A new feature called “Imagine Me” in Meta AI scans your face through your phone’s camera to then allow you to insert your image into the images it generates. By collecting your images in this way rather than through photos in your profile, Meta hopes to avoid creating a deepfake machine. The company recognizes the demand for people wanting to create more types of AI media and share them on their feeds, even if it means blurring the lines between what can be recognized as real and unreal.
Meta AI will also be available on Quest headsets in the coming weeks, replacing the voice control interface. Similar to the rollout in Meta’s Ray-Ban glasses, you will be able to use Meta AI on Quest to identify and learn about what you are looking at while in the passthrough mode of the headset, displaying the real world through the screen.

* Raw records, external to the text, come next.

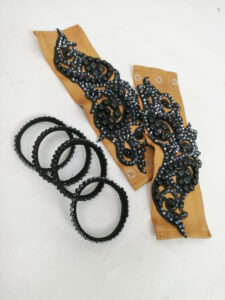 石びっしりのバングルと、モチーフを使った二の腕用のバングルが2本付属しています。
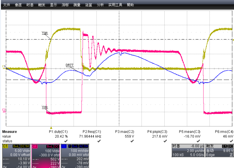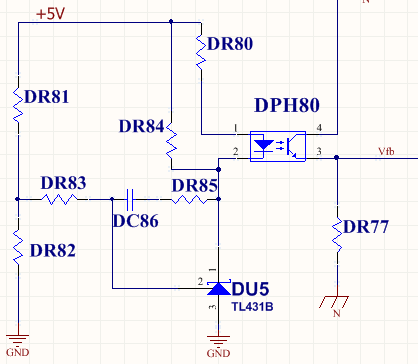 下图中通道3为上图中DR77(Vfb,UC2844第2pin)处电压AC输入波形,想问一下一前一后两个波峰分别对应了电源的什么动作状态,并且这个波形是否可以说明作为反馈的光耦是工作在线性状态?如果只通过调整反馈电阻DR81,DR82使输出电压从5V变为5.2V,会间接带来哪些后果,请指教,谢谢。。。
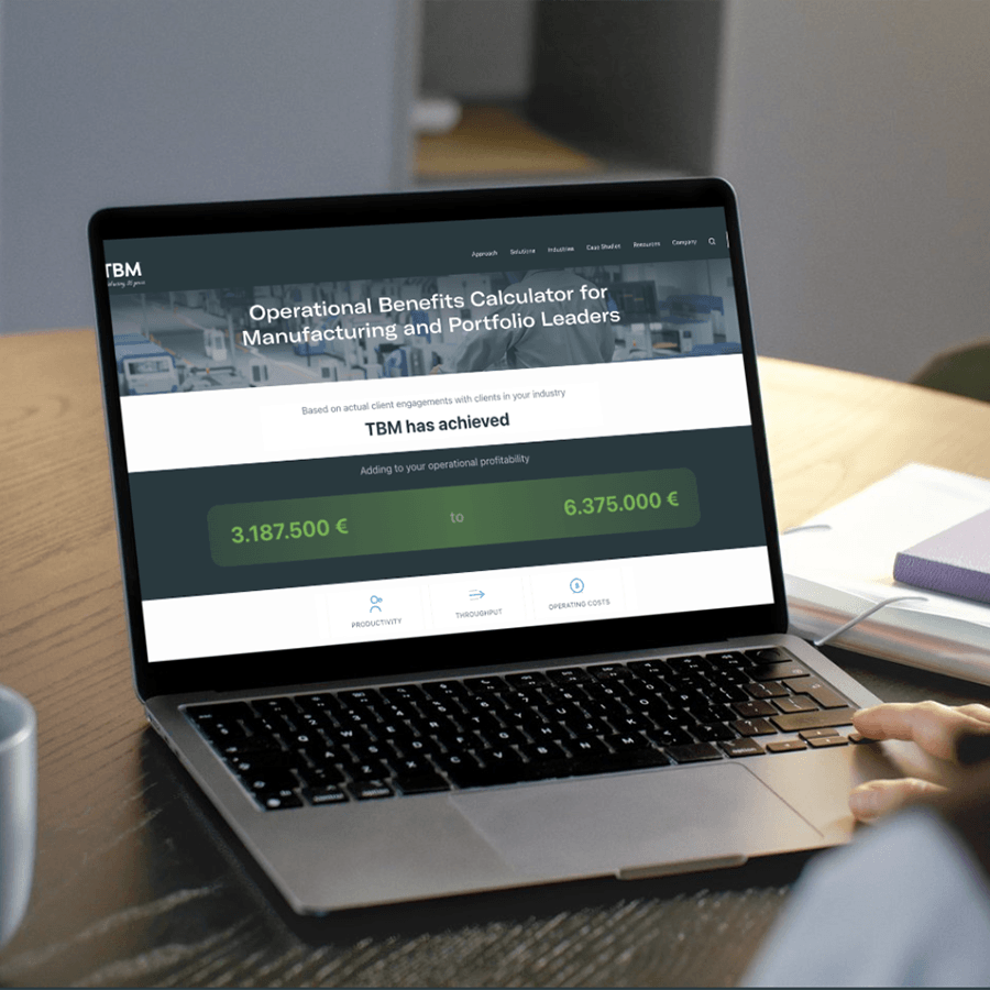 Calculate your operational potential and financial impact in minutes, based on TBM’s 35+ years of experience across client engagements.
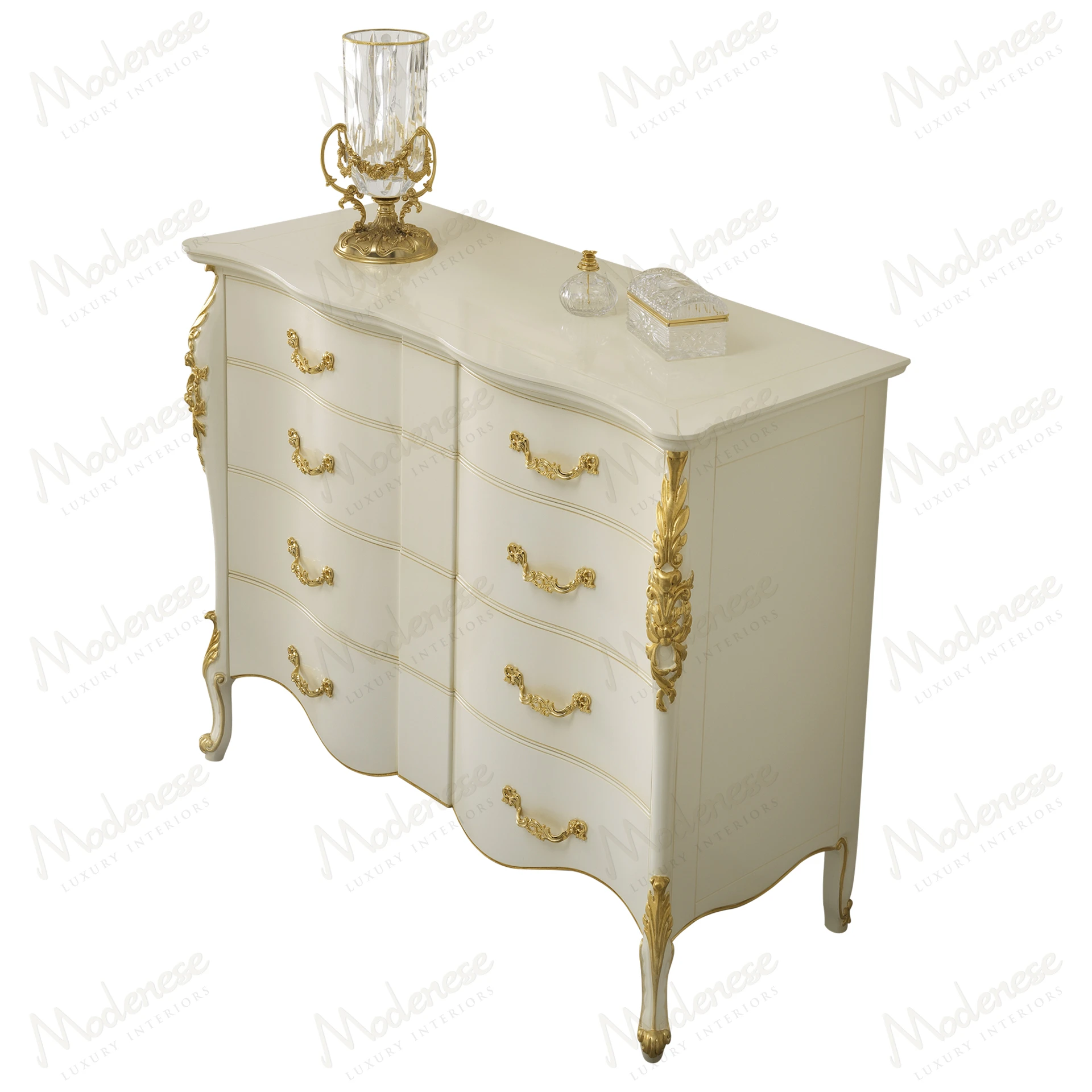 Commode baroque sur mesure de Modenese Gastone Interiors, producteur de meubles italien. L'élégance unique de cette commode à cinq tiroirs est remarquable avec sa silhouette bombée, la finition laquée blanc froid et les décorations en feuille d'argent. Spécialisé dans la production sur mesure, Modenese Interiors peut étudier l'ensemble de votre projet de décoration intérieure et créer des meubles assortis. Par exemple, cet article peut être personnalisé pour s'harmoniser avec le lit, le miroir, l'armoire et la table de nuit. Les versions alternatives peuvent inclure des décorations florales et des tiroirs doublés.

Despite Zuckerberg’s prediction that Meta AI will be the most used chatbot by the end of this year (ChatGPT has over 100 million users), Meta has yet to share any usage figures for its assistant. “I think the entire industry is still in the early stages on the path to product-market fit,” Al-Dahle stated. Even if AI may feel overhyped, it is clear that Meta and other companies believe the race has just begun.